Relentless Attackers Try Over 100,000 Times Before They Breach a System
New report from startup tCell shows XSS attempts a noisy reminder of the overwhelming scale of automated attack techniques.
June 14, 2017
One of the big reasons why security teams struggle to keep up with threats is because the bad guys are relentless with their attack attempts. The security community has long warned enterprises of the scope of cybercriminal efforts to seek out vulnerable targets of opportunity through automated attack tools. But sometimes it is hard to take in the scale of it all without a number to back it up. New research out this week from security start-up tCell did just that.
In a recent study, the firm showed that attackers seeking to breach organizations through cross-site scripting attacks made over 100,000 failed attempts for every successful breach.
The highlight comes from an investigation into attack patterns against 33 actual web applications in production at a dozen firms across a 30-day period. The findings showed that the bad guys rattled the proverbial doorknob with 494,000 XSS attempts at the server, but just four of them actually landed on the browser and needed a full-blown response.
"If you had asked me when we started out on this what was the ratio I might have guessed 1000-1 and thought I might have been exaggerating. But to see that it ’s actually half a million attack attempts generating just four actual reaches is really interesting," says Michael Feiertag, CEO of tCell. "These apps are under constant attack and you just can’t wake up in the middle of the night whenever that happens. You have to have tools in place to manage those threats, but also those that know when to hit the panic button."
Alert fatigue is a common problem in the security world today. According to a recent study conducted by Enterprise Management Associates (EMA), 79% of security teams are overwhelmed by security alerts. Meanwhile, 64% of alert tickets are ignored every day by security teams.
"(Security) analysts waste over half of their day looking for problems that are either insignificant or not really problems at all," writes David Monahan, senior analyst for EMA. "They fall behind more each day, which is why dwell time for breaches is over six months."
Meanwhile, attackers are breaking into critical accounts with impunity. According to tCell's analysis, in just a 30-day period, five out of 12 organization suffered an account takeover. Among those five, most suffered more than one takeover and one firm suffered 44 account takeovers in that time. In most cases the attacks resulted in compromised user accounts.
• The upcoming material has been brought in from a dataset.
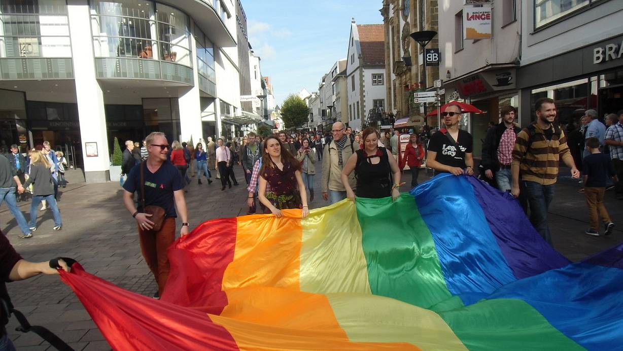 Die Regenbogenfahne steht für gesellschaftliche Diversität. Angehörige der LGBT-Szene benutzen sie auch in Paderborn gerne, um auf Diskrimierungen hinzuweisen und für Toleranz und Gleichberechtigung zu demonstrieren. | © NW-Archiv
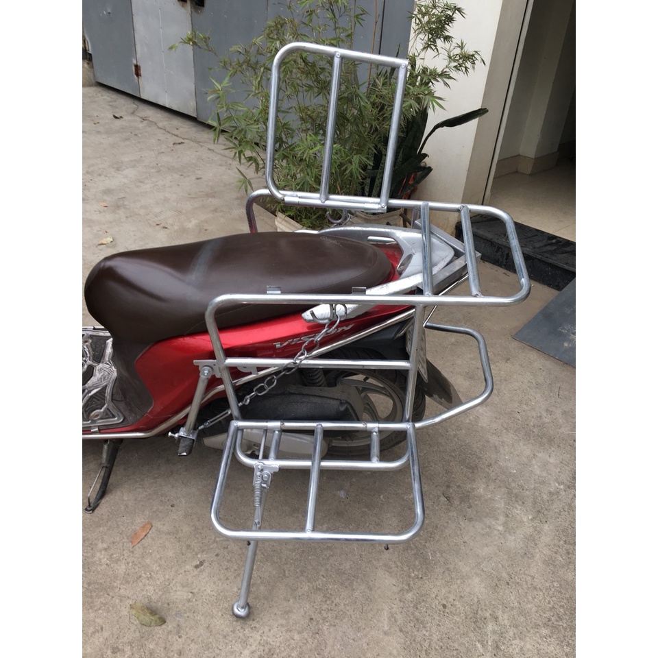 Giá để hàng, baga xe máy đa năng có thể mở cốp đổ xăng không cần tháo. Thiết kế thêm 2 cánh sườn kèm chân chống - Sản phẩm được chế tạo bằng thép hộp mạ đảm bảo độ chắc chắn nhưng vẫn nhẹ nhàng được sơn 1 lớp sơn chống rỉ và trang trí - Sản phẩm khi lắp vào xe đảm b

Many of them came at the hands of credential-stuffing attacks using user ID and password combinations purloined from major breaches elsewhere.
This kind of attack is the lowest-hanging fruit for cybercriminals today. According to the 10th annual Verizon Data Breach Investigation Report, 81% of successful breaches today can be attributed to stolen or weak passwords. Credential stuffing works because even though the average Internet user has something along the lines of 130 accounts according to one estimate by Dashlane, most of them typically use seven or fewer passwords to protect them, according to a study by the firm Gigya.